Exercise details
A partial copy is required: transcribe exactly the lines from the one containing "摘要:勾股定理是人教版八年级" through the last line below, without any pictures.

Data for this exercise
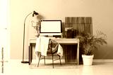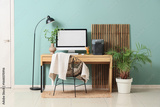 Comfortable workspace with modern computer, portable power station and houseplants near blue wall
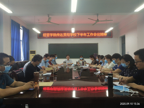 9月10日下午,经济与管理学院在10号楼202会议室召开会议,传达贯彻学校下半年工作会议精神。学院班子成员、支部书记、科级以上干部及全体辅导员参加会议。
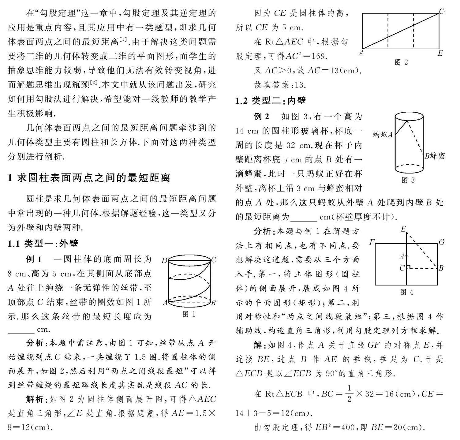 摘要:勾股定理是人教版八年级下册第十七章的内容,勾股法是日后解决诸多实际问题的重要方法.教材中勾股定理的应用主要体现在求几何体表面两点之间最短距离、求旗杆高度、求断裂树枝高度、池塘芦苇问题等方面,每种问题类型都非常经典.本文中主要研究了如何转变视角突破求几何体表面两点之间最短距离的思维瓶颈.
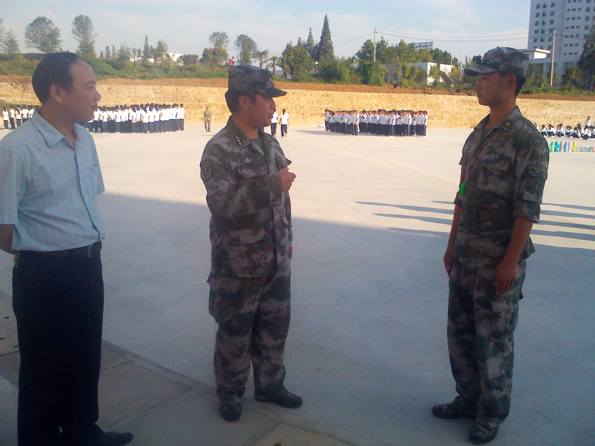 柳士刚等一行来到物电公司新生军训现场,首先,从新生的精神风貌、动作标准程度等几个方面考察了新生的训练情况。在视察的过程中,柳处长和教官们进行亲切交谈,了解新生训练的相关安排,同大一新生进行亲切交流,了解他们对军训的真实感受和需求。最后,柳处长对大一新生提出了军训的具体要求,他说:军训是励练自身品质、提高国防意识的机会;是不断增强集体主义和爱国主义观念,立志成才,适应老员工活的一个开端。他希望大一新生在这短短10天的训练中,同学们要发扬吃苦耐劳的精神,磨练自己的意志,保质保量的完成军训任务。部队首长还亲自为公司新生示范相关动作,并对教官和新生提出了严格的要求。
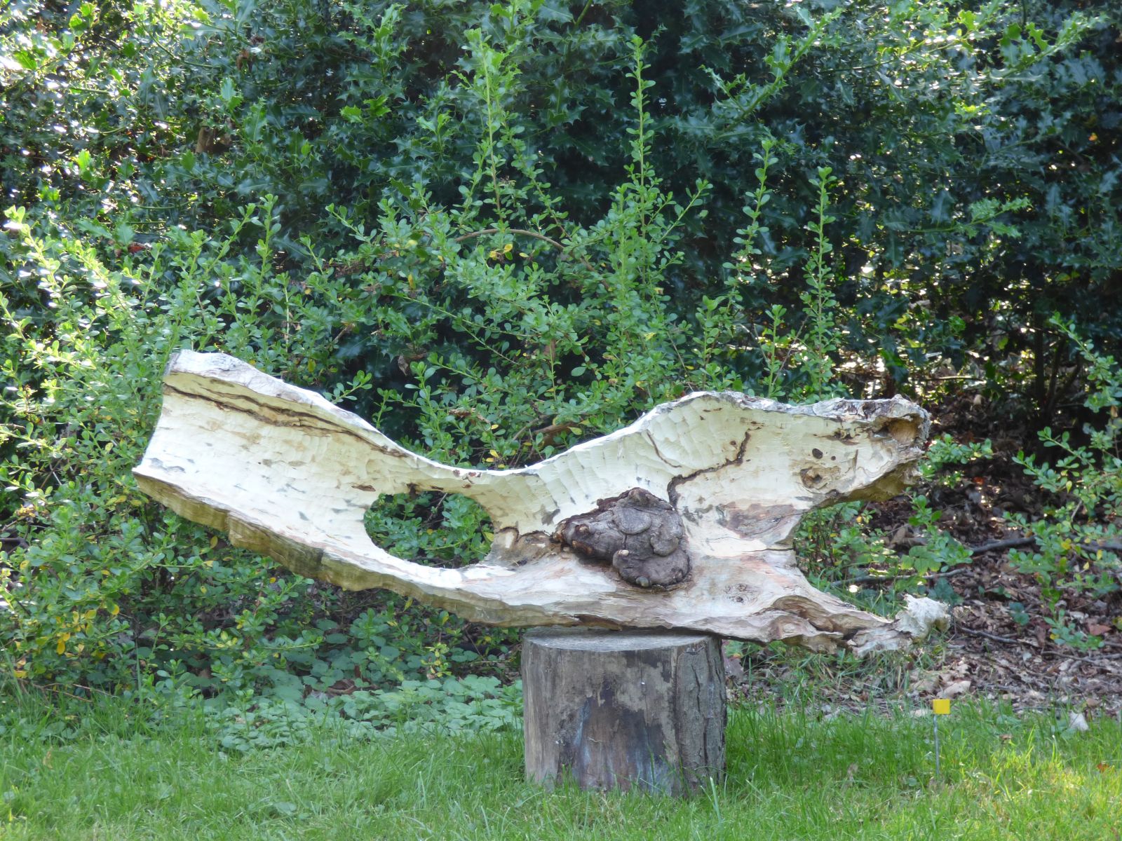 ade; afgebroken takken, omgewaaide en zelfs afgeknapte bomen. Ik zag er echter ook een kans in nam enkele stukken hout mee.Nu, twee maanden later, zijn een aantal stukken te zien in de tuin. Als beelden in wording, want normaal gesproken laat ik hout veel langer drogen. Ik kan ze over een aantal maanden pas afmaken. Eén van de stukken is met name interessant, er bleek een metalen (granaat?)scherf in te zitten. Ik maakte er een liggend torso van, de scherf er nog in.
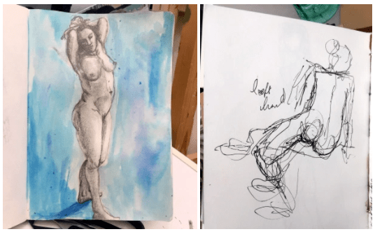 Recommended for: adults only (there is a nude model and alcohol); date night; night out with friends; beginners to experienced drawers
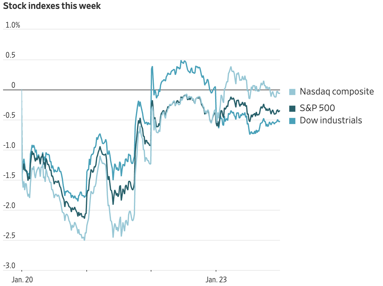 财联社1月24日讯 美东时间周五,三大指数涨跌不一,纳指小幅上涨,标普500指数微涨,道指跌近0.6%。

Result of the task
 摘要:勾股定理是人教版八年级下册第十七章的内容,勾股法是日后解决诸多实际问题的重要方法.教材中勾股定理的应用主要体现在求几何体表面两点之间最短距离、求旗杆高度、求断裂树枝高度、池塘芦苇问题等方面,每种问题类型都非常经典.本文中主要研究了如何转变视角突破求几何体表面两点之间最短距离的思维瓶颈.
 柳士刚等一行来到物电公司新生军训现场,首先,从新生的精神风貌、动作标准程度等几个方面考察了新生的训练情况。在视察的过程中,柳处长和教官们进行亲切交谈,了解新生训练的相关安排,同大一新生进行亲切交流,了解他们对军训的真实感受和需求。最后,柳处长对大一新生提出了军训的具体要求,他说:军训是励练自身品质、提高国防意识的机会;是不断增强集体主义和爱国主义观念,立志成才,适应老员工活的一个开端。他希望大一新生在这短短10天的训练中,同学们要发扬吃苦耐劳的精神,磨练自己的意志,保质保量的完成军训任务。部队首长还亲自为公司新生示范相关动作,并对教官和新生提出了严格的要求。
 ade; afgebroken takken, omgewaaide en zelfs afgeknapte bomen. Ik zag er echter ook een kans in nam enkele stukken hout mee.Nu, twee maanden later, zijn een aantal stukken te zien in de tuin. Als beelden in wording, want normaal gesproken laat ik hout veel langer drogen. Ik kan ze over een aantal maanden pas afmaken. Eén van de stukken is met name interessant, er bleek een metalen (granaat?)scherf in te zitten. Ik maakte er een liggend torso van, de scherf er nog in.
 Recommended for: adults only (there is a nude model and alcohol); date night; night out with friends; beginners to experienced drawers
 财联社1月24日讯 美东时间周五,三大指数涨跌不一,纳指小幅上涨,标普500指数微涨,道指跌近0.6%。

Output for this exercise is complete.